Emma Auchentaller war die Frau von Josef Maria „Pepi“ Auchentaller, einem bekannten Wiener Maler und Secessionisten, der leider in unserer Zeit ein wenig in Vergessenheit geriet.

Die Familie Auchentaller ist mit ihrer etwas kränklichen Tochter anfangs auf Erholung in Grado. Emma erkennt das Potential des Seebades und kauft mit Hilfe ihres Vaters und Bekannten die ehemalige napoleonische Festung und baut es in das Erste Hotel in Grado, das Fortino, um. Damit allein ist die tatkräftige Frau, die aber im Laufe der Zeit auch an Grenzen stößt, noch nicht zufrieden: die ehemalige Schule, die ebenfalls in eine Pension umgewandelt wird, eine Waschanstalt und der Kauf einer Insel, Morgo, auf der der Petershof errichtet wird, folgen.
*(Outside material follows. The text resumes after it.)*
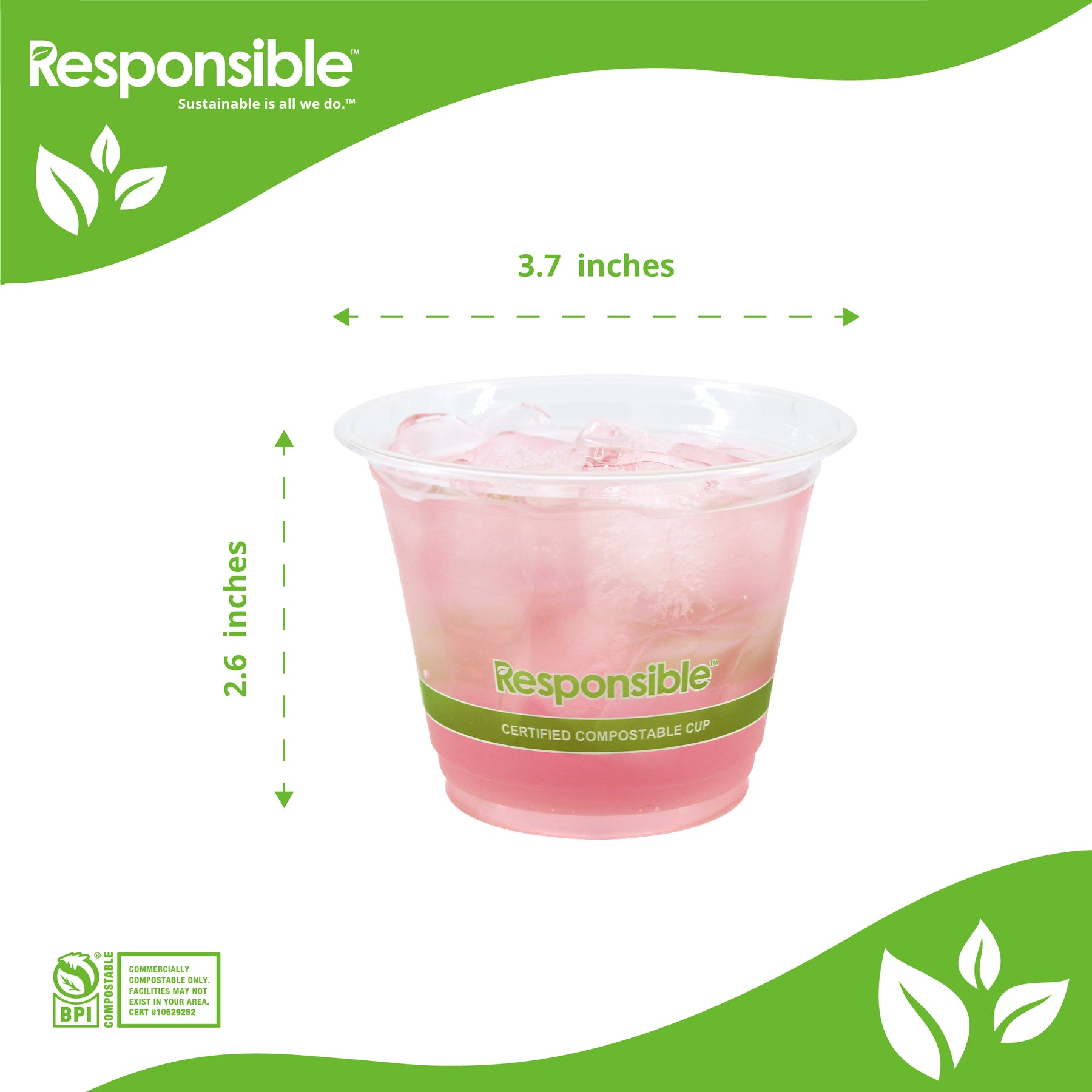 Responsible Products cold clear cups are eco-friendly, made from renewable and compostable materials. Ideal for cold drink, these clear cups are compostable, durable, and soak proof. Our clear cups are the most sustainable choice for serving smoothies, iced coffee and tea, beer or any other cold beverage at special events, catered events, takeout restaurants, cafeterias, and cafes.

In den Briefen erfahren wir wie die Arbeit voran geht, von den Schwierigkeiten mit Behörden und Nachbarn, von Stürmen, die in Grado und auch an ihren Besitztümern immer wieder Schäden verursachen und von ihren berühmten und weniger berühmten Gästen. Der Leser der Briefe ist wie live dabei. Und obwohl man nur die Briefe von Emma – und manchmal auch jene von Pepi an seine Schwiegereltern – liest, entsteht ein Bild vor den Augen des Lesers. Ein Bild über das Grado der damaligen Zeit, über das Fortino, über die Familie und auch über den Künstler Auchentaller.

Die Briefe fügen sich wie ein Roman zusammen, man ist bereits gespannt auf die nächsten Berichte von Emma aus Grade und ob sie es diesmal schaffen wird, die Waschanstalt in Betrieb zu nehmen oder was alles wieder im Fortino oder auf Morgo passiert ist.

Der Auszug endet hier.